Born in Seoul, Paik had four older brothers and a father who worked as a textile manufacturer. As he was growing up, he was trained as a classical pianist. In 1950, Paik and his family had to flee from their home in Korea, during the Korean War. His family first fled to Hong Kong, but later moved to Japan, for reasons unknown. Six years later, he graduated from the University of Tokyo. He wrote a thesis on composer Arnold Schoenberg.

He moved to Germany to study History of Music at Munich University. While studying in Germany, Paik met the composers Karlheinz Stockhausen and John Cage and the conceptual artists Joseph Beuys and Wolf Vostell. Paik was inspired to work with electronic art.

Works

Nam June Paik then began participating in the Neo-Dada art movement, known as Fluxus, which was inspired by the composer John Cage, and his use of everyday sounds and noises in his music. He made his big debut at an exhibition known as, Exposition of Music-Electronic Television, in which he scattered televisions everywhere, and used magnets to alter or disort their images.

In 1964, Paik moved to New York, and began working with classical cellist Charlotte Moorman, to combine his video, music, and performance. In the work TV Cello, the pair stacked televisions on top one another, so that they formed the shape of an actual cello.
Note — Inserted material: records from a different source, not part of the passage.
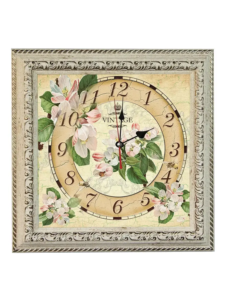 Настенные часы в красивой багетной раме с деликатной позолотой. Циферблат напечатан на натуральном холсте, покрыт лаком. Размер часов 38*38 см, глубина 5 см. Механизм бесшумный на одной батарейке ААА. Батарейка в комплект не входит. Часы сочетаются с полкой арт.15497754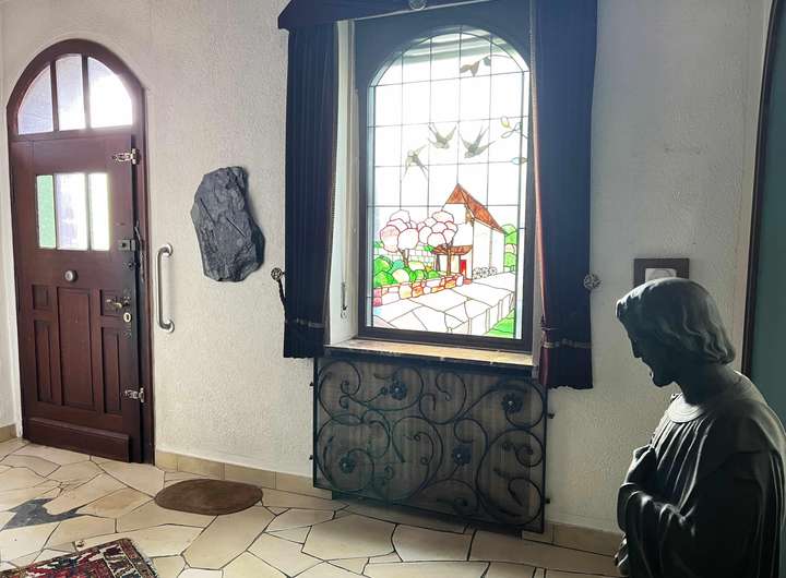 + teilweise ISO-Fenster in den Original Eichenholzrahmen u. Alu-Rahmen (ca. 1986) u. Buntfenster in Holzrahmen,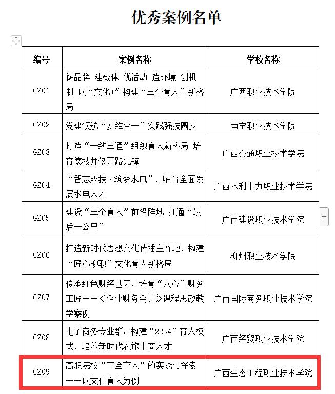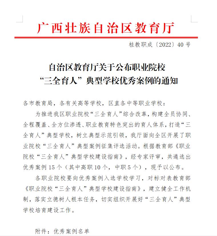 为推进pg娱乐“三全育人”综合改革,构建全员协同、全程覆盖、全方位渗透、职业教育特色突出的育人体系,打造“三全育人”典型学校,树立典型示范引领,在2022年自治区教育厅组织开展的全区职业院校“三全育人”典型案例征集评选活动中,pg娱乐《高职院校“三全育人”的实践与探索——以文化育人为例》荣获优秀案例。
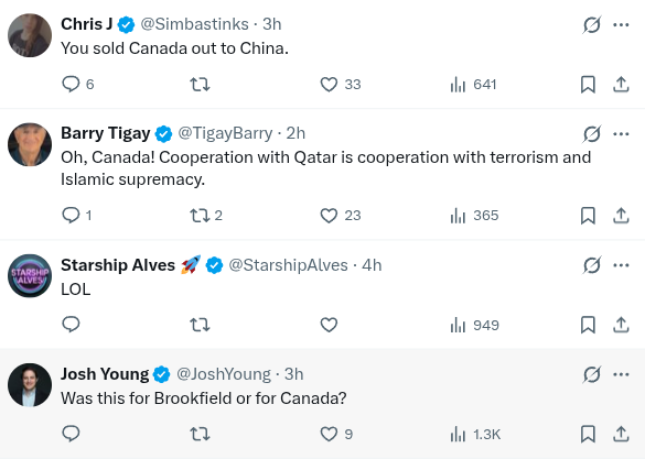 Now it’s true that social media platforms are notoriously negative places. It would be unrealistic for high-profile politicians to think they were going to enjoy an easy time of it. But you’d think an account like Carney’s with a half million followers would attract some support. Anything.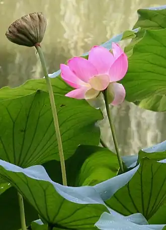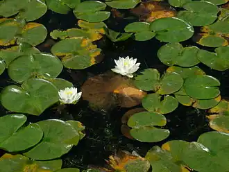 Kilka gatunków lotosa orzechodajnego i grzybieniowate (grzybienie (Nymphaea), rozłożnia (Euryale), grążel (Nuphar), wiktorii królewskiej a także ogród bagienny z taro (Colocasia esculenta), ornamentalną trzciną cukrową (Saccharum officinarum) i ciborą papirusową.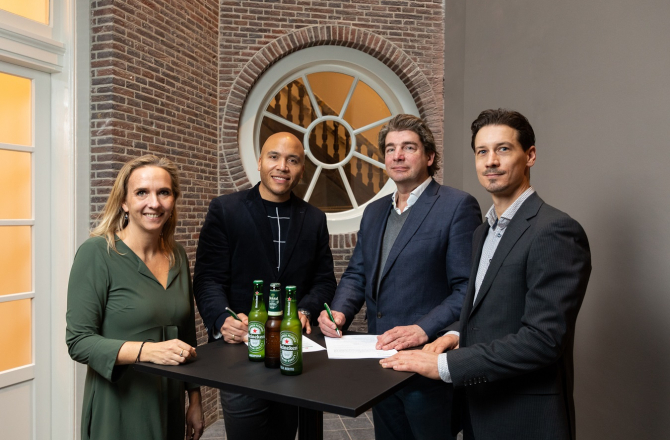 Op vrijdag 20 december 2019 hebben Babs Nijdam (Commercieel Directeur Amerpodia), Clayde Menso (Directeur Amerpodia), Léon van Daalen (Senior Account Manager HEINEKEN Nederland) en Maurice Herms (Regiodirecteur HEINEKEN Nederland) de samenwerking officieel beklonken in het gerenoveerde Felix Meritis.

When Moorman drew her bow across the "cello," images of both her playing, and images of other cellists playing appeared on the screens. In 1965, Sony introduced the Portapak. With this, Paik could both move and record things, for it was the first portable video and audio recorder. From there, Paik became an international celebrity, known for his creative and entertaining works.

In a notorious 1967 incident, Charlotte Moorman was arrested for going topless while performing in Paik’s Opera Sextronique. Two years later, in 1969, they performed TV Bra for Living Sculpture, in which Charlotte wore a bra with small TV screens over her breasts. Paik developed the idea of an "Electronic Superhighway" as early as 1974 in his text "Media Planning for the Postindustrial Society" . Many of Paik's early works and writings are collected in a volume edited by Judson Rosebush titled Nam June Paik: Videa 'n' Videology 1959-1973, published by the Everson Museum of Art, Syracuse, New York, in 1974.

In another work, Something Pacific (1986), a statue of a sitting Buddha faces its image on a closed circuit television. (The piece is part of the Stuart Collection of public art at the University of California, San Diego.) Another piece, Positive Egg, displays a white egg on a black background. In a series of video monitors, increasing in size, the image on the screen becomes larger and larger, until the egg itself becomes an abstract, unrecognizable shape. In Video Fish, from 1975, a series of aquariums arranged in a horizontal line contain live fish swimming in front an equal number of monitors which show video images of other fish.

Paik was also known for making robots out of television sets. These were constructed using pieces of wire and metal, but later Paik used parts from radio and television sets.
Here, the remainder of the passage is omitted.